I start classes tomorrow. My senior year. It feels exciting but a lot of the time I feel more scared than anything else. Being in high school is something I know how to do. Living at home and seeing Mom every morning, sleepovers at Taylor’s where us and Lucinda stay up until 2am eating ice cream and talking about whatever new guy Lucinda’s started dating. It’s all kind of boring, but in a safe way. Does that make sense? 

It’s like my life right now has a cheat code. I know what tomorrow will look like, what next week looks like, next month. You get it. But after this, it’s blank. There are no clear answers. It’s so scary. Did it feel scary for you? 

I know I shouldn’t say this, but I think of you all the time. I think about you in California and I wonder if moving there felt terrifying or like a relief. Maybe both? I guess I could see how it would be a relief. I can see how getting the entire width of the United States away from me may be a good thing for you. I hate that. I know it’s selfish, but it’s true. 
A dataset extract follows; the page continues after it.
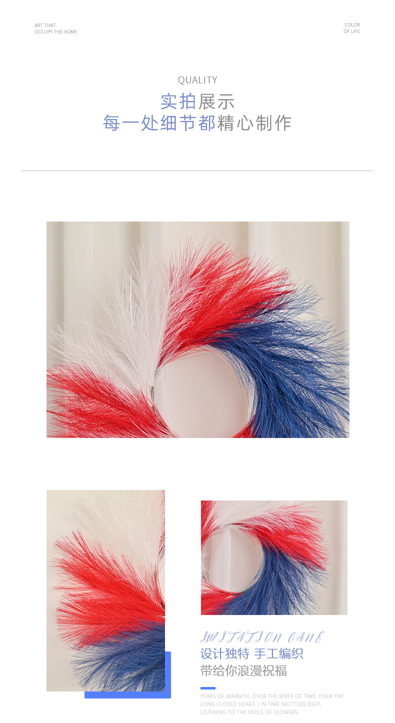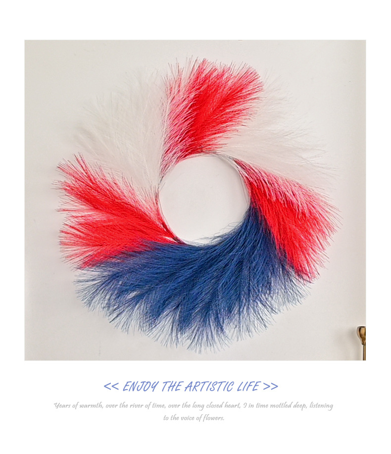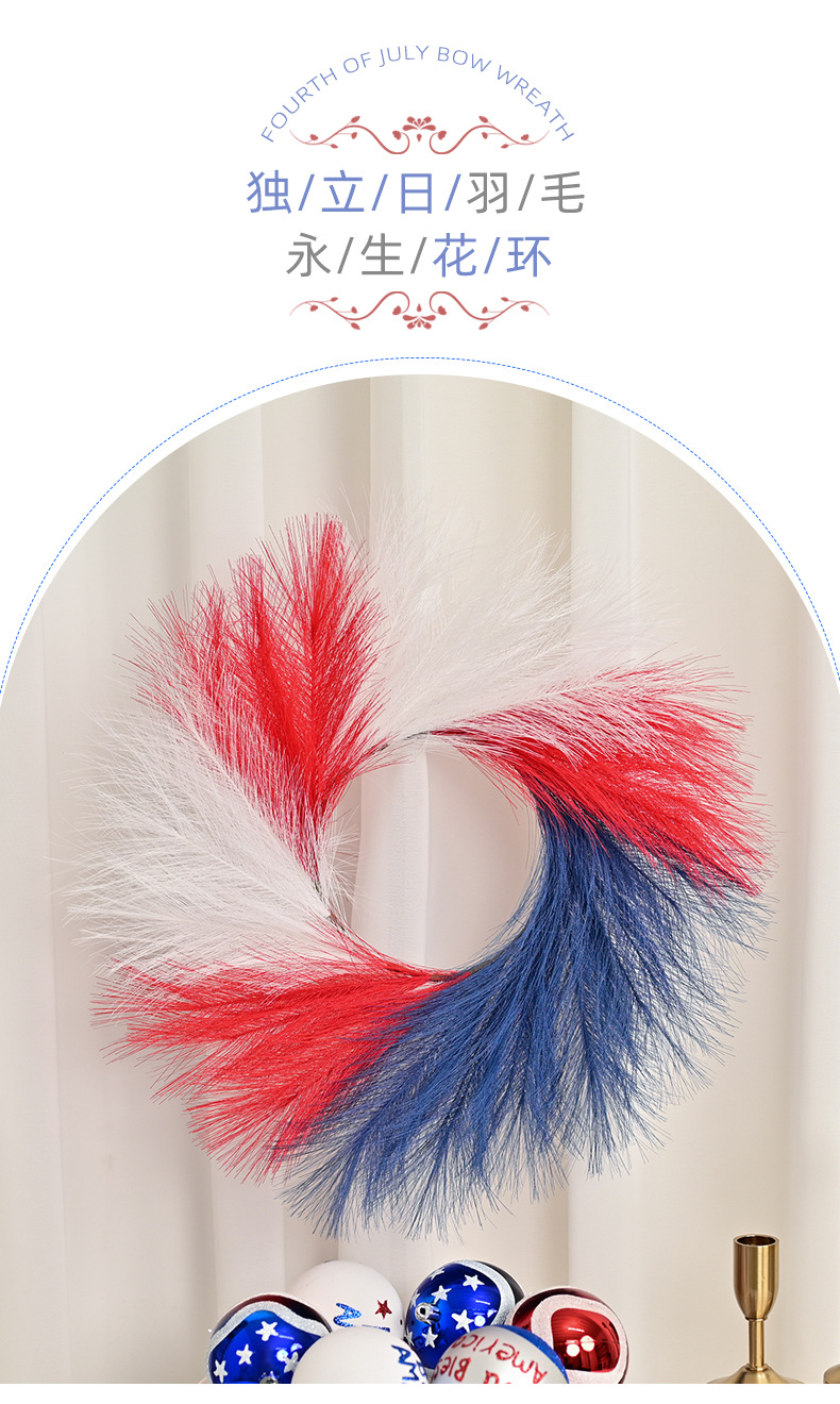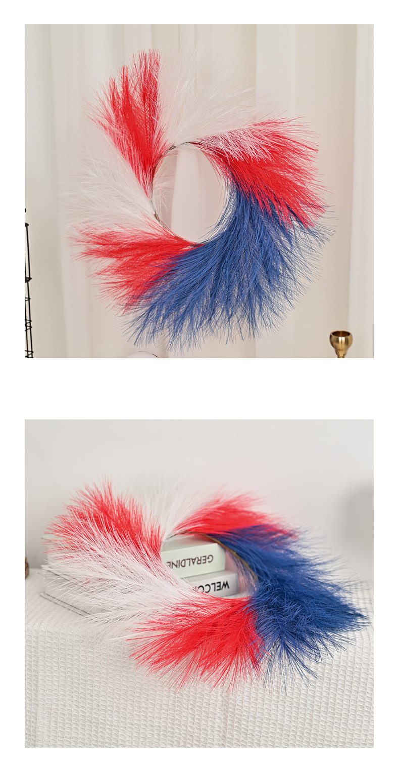 跨境新款美国独立日红白蓝仿芦苇草国庆节气氛背景装饰门挂花环

Everything feels weird and wrong here and I couldn’t figure out why for a while, but I think I finally have. Last year, before everything fell apart and I lost you, when I pictured my senior year it always included you. I imagined late night phone calls like we used to have and weekends where I visited you at Brown. I pictured you proofreading my college essays and me making sure you weren’t forgetting to eat in between study sessions. 
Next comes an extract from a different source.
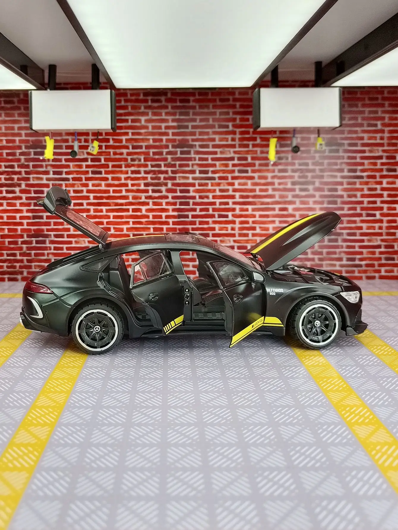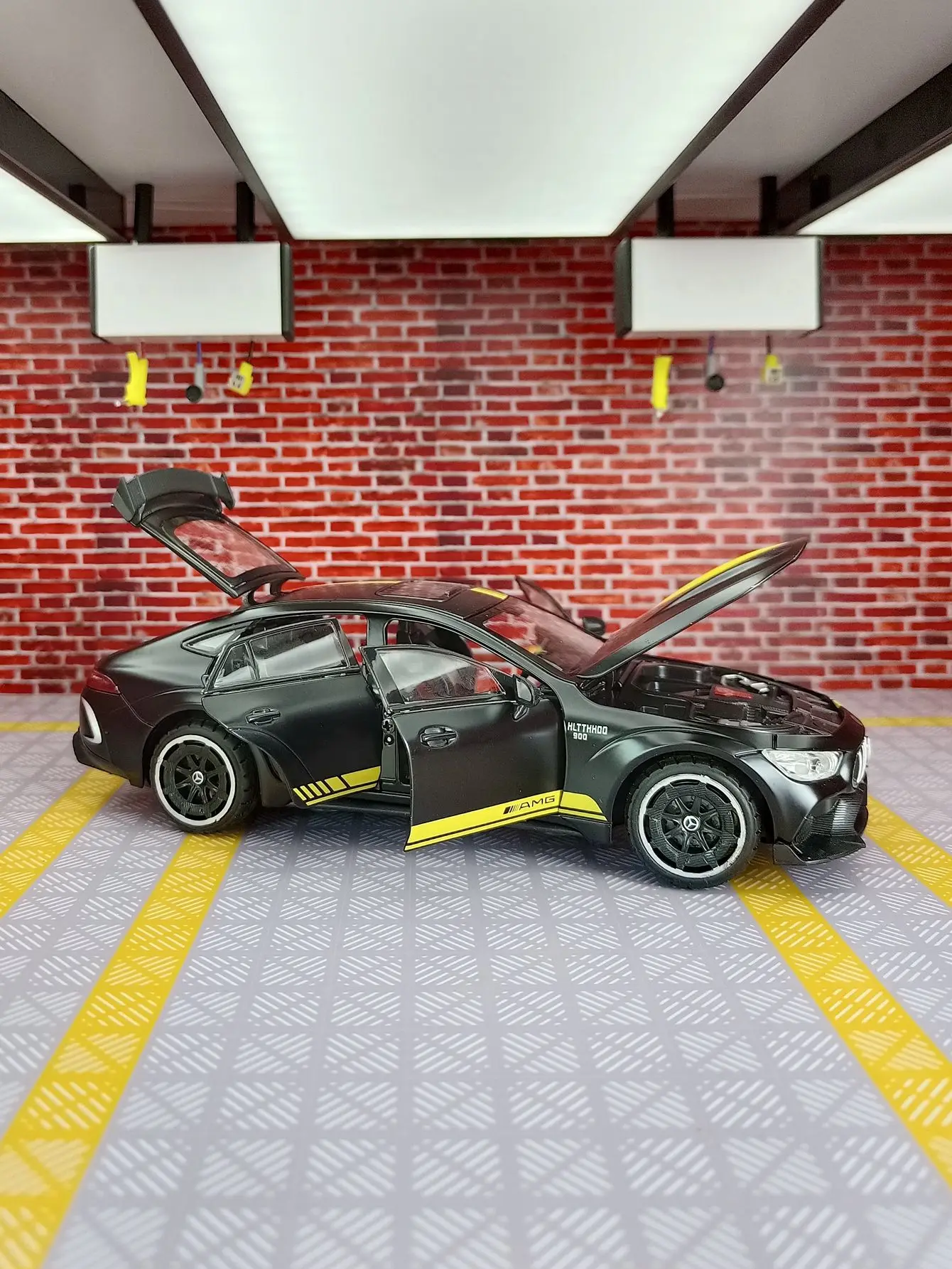 1:24 Mercedes-Benz GT63 alloy car model ornaments collection acousto-optic pull-back toy doors and hood trunk can be opened.

Now, all of that is gone. And I miss it. Is it weird to miss something that never existed in the first place? Well, I do. So much. 

I do hope you’re okay. Of course I do. I hope you’re finding yourself just like Susannah always thought you would. I hope you’re happy- or at least closer than you were. You deserve happiness, you know? I hope you feel like you’ve got all the cheat codes, or at least like finding the answers is exciting and not completely impossible.

-Belly 

 


 

Conrad, 

It’s prom in a little over a week. You’d think I’d be excited about my senior prom. Jere keeps talking about how it’s going to be the “best prom ever”, whatever that means. I can’t tell him that that’s impossible. 

I went dress shopping with Taylor a few weeks ago and bought the second dress I tried on. It’s fine. She told me I looked “snatched” and that Jeremiah would be speechless when he saw me in it. Apparently that’s what counts. I just wanted to get it over with, honestly. Every dress I tried on just made me think of the dress I wore with you and how none of them would ever be as perfect. 

The truth is, I could wear the most expensive dress in the world and have corsages up and down both arms and it won’t matter because it’s not you. God, Jeremiah would freak out so bad if he ever found this letter and read that. 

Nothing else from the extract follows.